= Abu Dahdah =

Syrian-born Spaniard, member of al-Qaeda

Imad Eddin Barakat Yarkas alias Abu Dahdah (أبو الدحداح 'Abū ad-Daḥdāh) is a Syrian-born Spaniard initially sentenced to a 27-year prison term in Spain for his part in the September 11 attacks and for his membership of the banned terrorist organization al-Qaeda. However, on 16 February 2006, the Spanish Supreme Court reduced the Abu Dahdah penalty to 12 years because it considered that his participation in the conspiracy was not proven. He is thought to have been a high-ranking member of al-Qaeda's Madrid component.
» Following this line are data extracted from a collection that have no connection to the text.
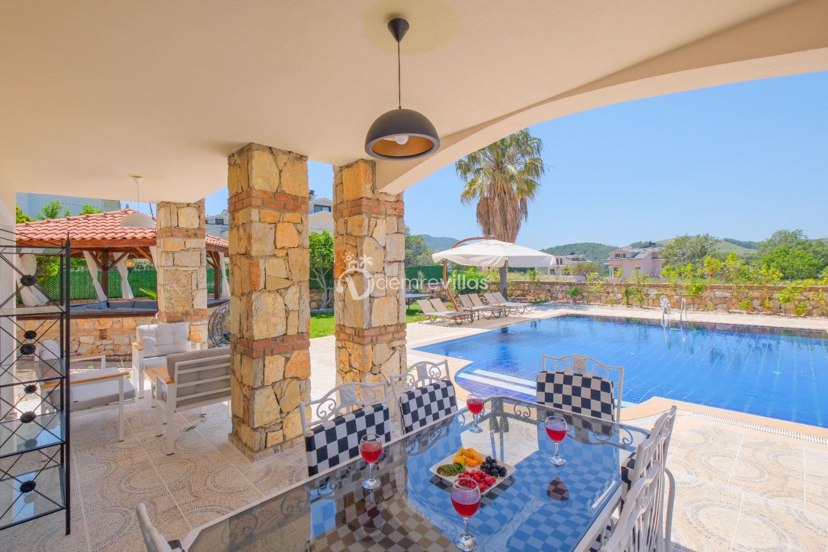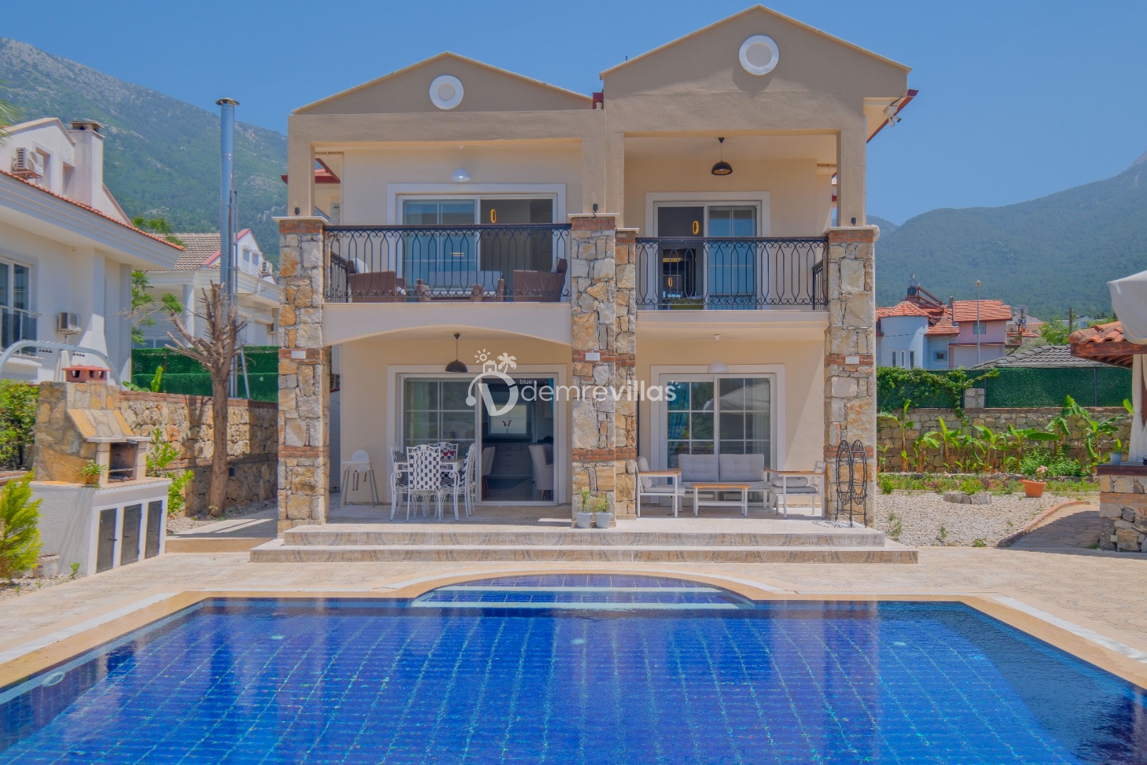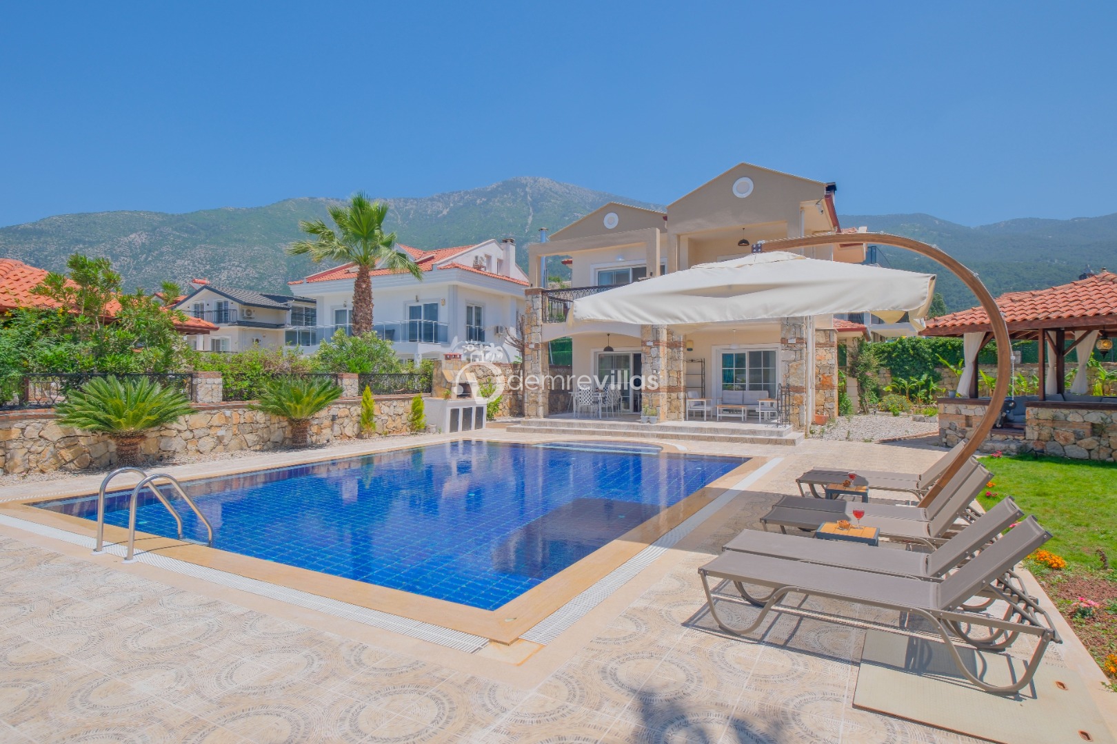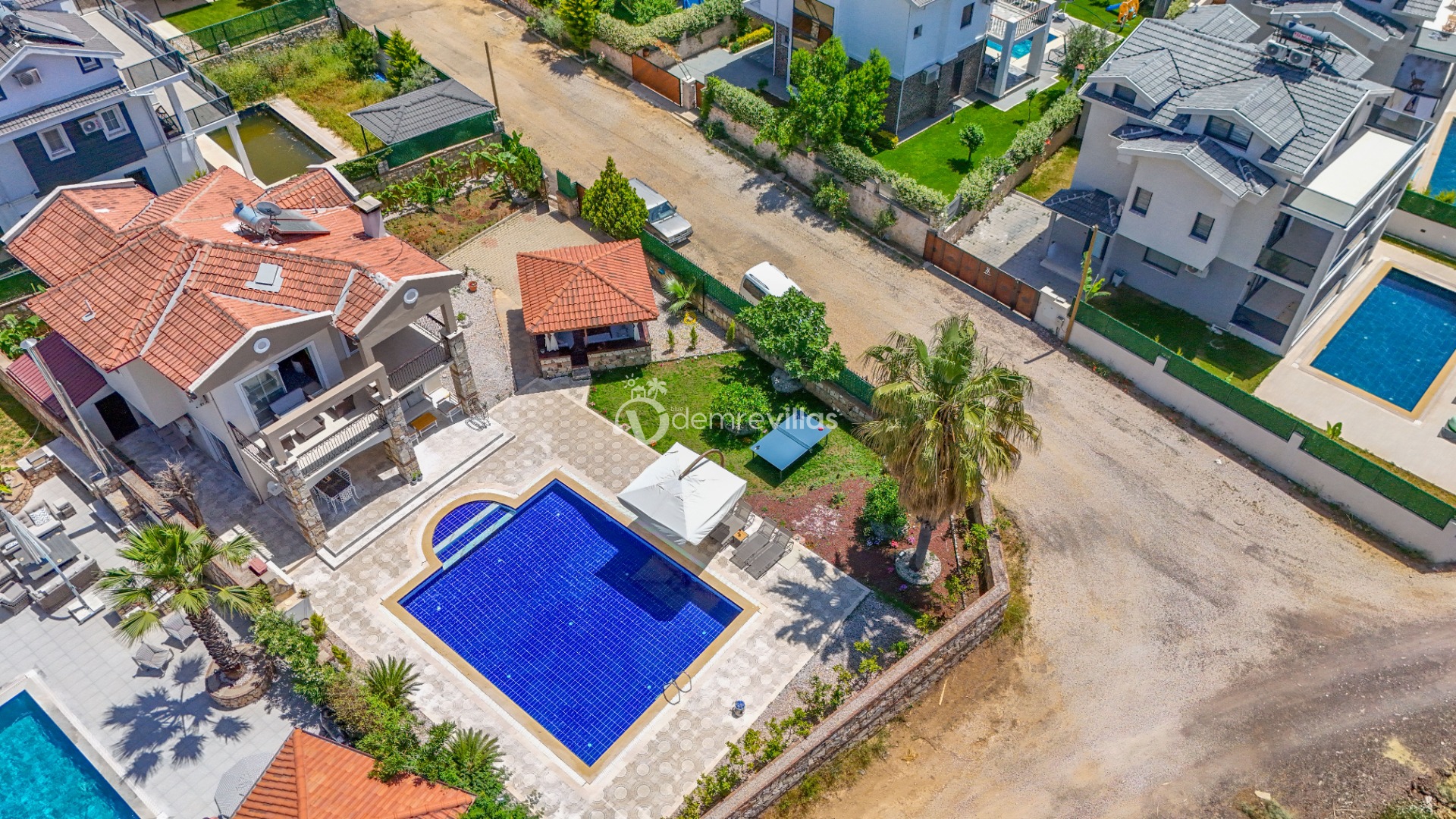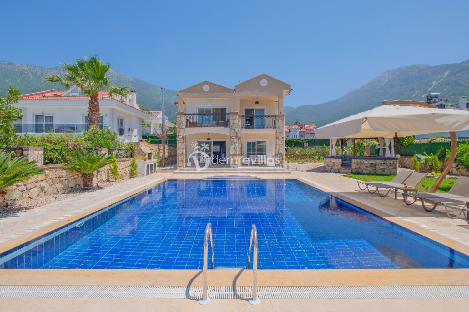 Villamızın özel havuzunda doyasıya yüzebilir ve güneşin keyfini çıkarabilirsiniz. Bahçe alanında kapasiteye uygun şezlong takımı, oturma grubu ve barbekü bulunmaktadır. Havuz terasına açılan konforlu oturma odası ve tam donanımlı açık mutfak, tatilinizi daha da keyifli hale getirecek.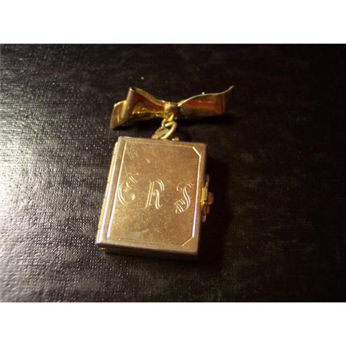 This is a cute pin that looks like a book when it is closed and then folds out where you can put pictures in.Has initials on the front of I believe CRS.Great condition,un-marked.Measures 1 3/4" tall.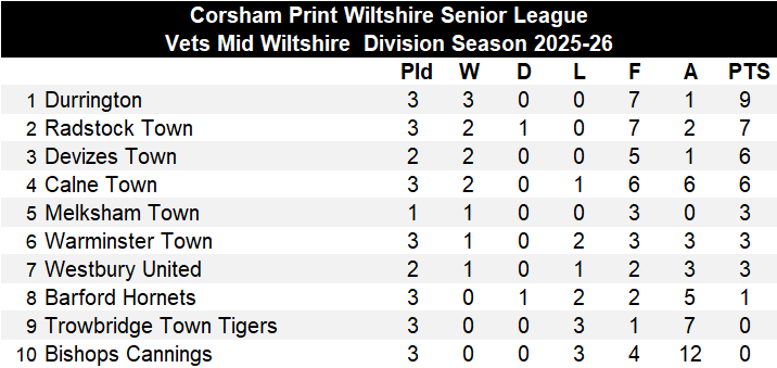 There was also a full schedule of games played in the Mid Wiltshire Veterans’ Division this week, the first time this has happened this season. Reigning champions Melksham Town got their season off to a winning start at MOD Lyneham on Monday night, Gary Higdon scoring a hat-trick in a 3-0 win over Calne Town.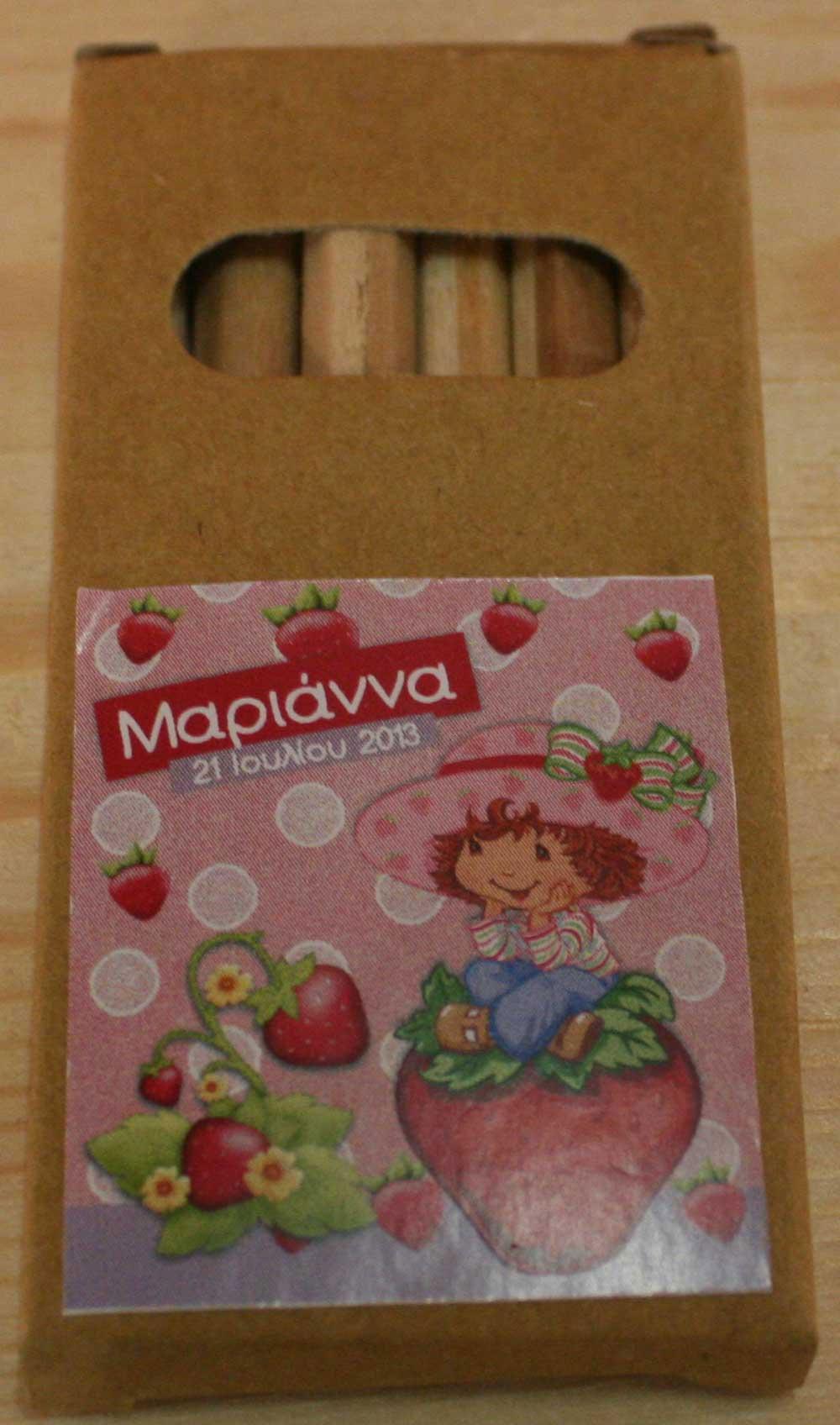 Ξυλομπογιές Φράουλίτσα για δωράκια σε βάπτιση ή παιδικό πάρτυ.  Η τιμή αφορά τις ξυλομπογιές.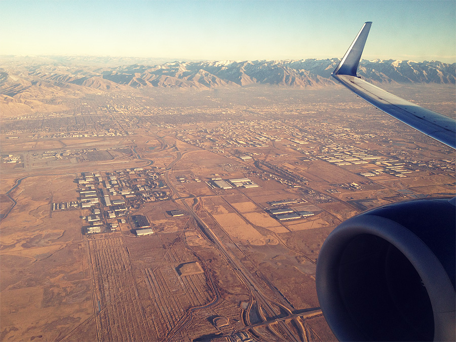 You can see downtown Salt Lake City toward the upper left part of the photo. Teeny tiny. Just below that is the airport. And just below that is the flight attendant standing next to me with her arms crossed ready to hit me over the head with my electronic device.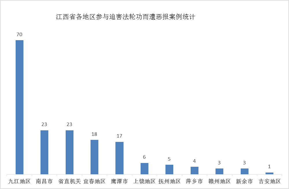![]() 圖3:中共迫害法輪功21年,江西省各地參與迫害中遭惡報人數統計 |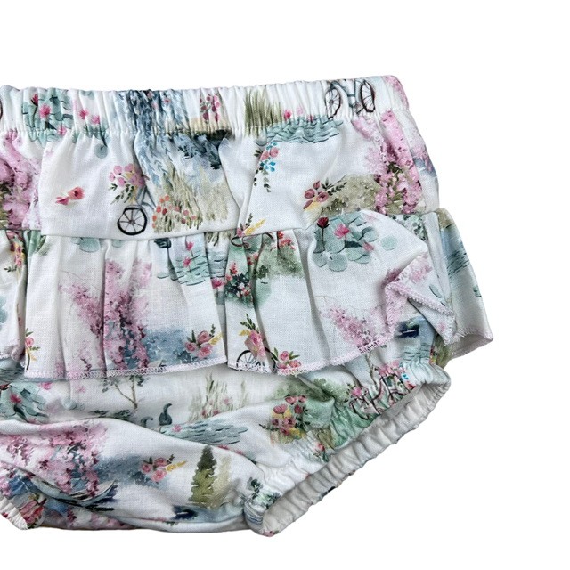 Ranita de color blanco con estampado de bicis y flores rosas. Detalle volante.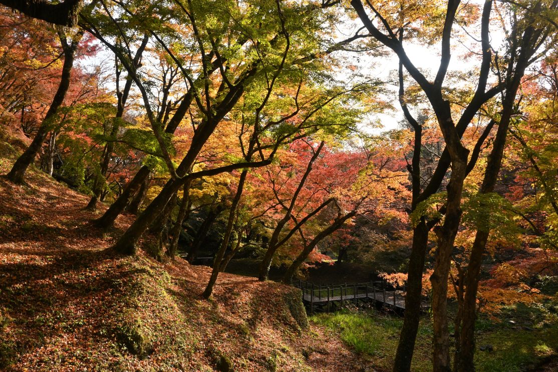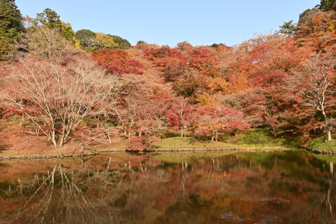 池から離れた場所は紅葉が進み、緑や黄色、赤色など、色とりどりの葉が楽しめてきれいです。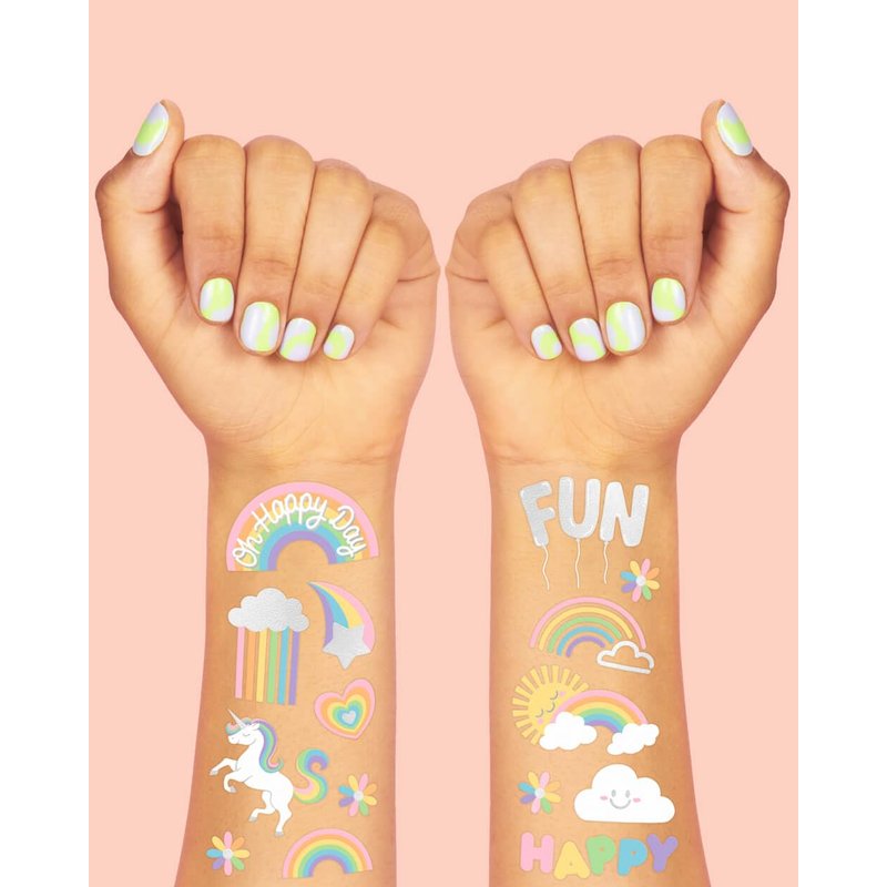 - Tats for Every Unicorn: two sheets with a total of 46 colored + metallic tattoos featuring handdrawn designs of vividly colored rainbows, unicorns, suns, shooting stars, peace signs + more that kids will absolutely love!

Some reports said that Yarkas's telephone number was found in a Hamburg apartment rented by lead hijacker Mohamed Atta, while others say he was mentioned by name in a diary seized by police in a search of an anonymous apartment, or that his passport had been seized in a raid on the London home of Abu Qatada.

He is said to have visited Indonesia and Malaysia in the years prior to the attacks, while he was being watched by Spanish authorities.

Dahdah was one of 11 people arrested on 19 November 2001, and charged with fundraising for al-Qaeda operatives, and his alleged role in convincing youths to attend camps in Afghanistan, camps run by his associates Anwar Adnan Mohamed Salah and Mustafa Setmariam Nasar. He was also said to lead the group Soldiers of Allah, which included Abdulla Khayata, Osama Darra, Jasem Mahboule, Mohamed Needl, Mohamed Zaher, José Luis Galán, Sadik Meriziak, Abdulaziz Benyaich, Najib Chaib, Hassan Al Hussein, and Mohamed Ghaleb Kalaje. His trial began 22 April, and Dahdah pleaded not guilty, maintaining his innocence.

Although prosecutor Pedro Rubira had sought 74,337 years imprisonment, Dahdah was sentenced to 15 years for conspiracy to commit terrorist murders, and another 12 years for leading a terrorist organization, the sentences to be served consecutively.

While serving his third year in prison, Dahdah was accused by intelligence officer Rafael Gómez Menor who reported to the Congress of Deputies that the Madrid train bombings in 2004 had been "Abu Dahdah, without any doubt". It was alleged that he helped direct the operations during prison visits from Walid al-Masri.

Dahdah's sentence was later reduced by the Supreme Court of Spain, which ruled that the conspiracy charges were unproven. After serving 12 years, Dahdah was released from prison in May 2013.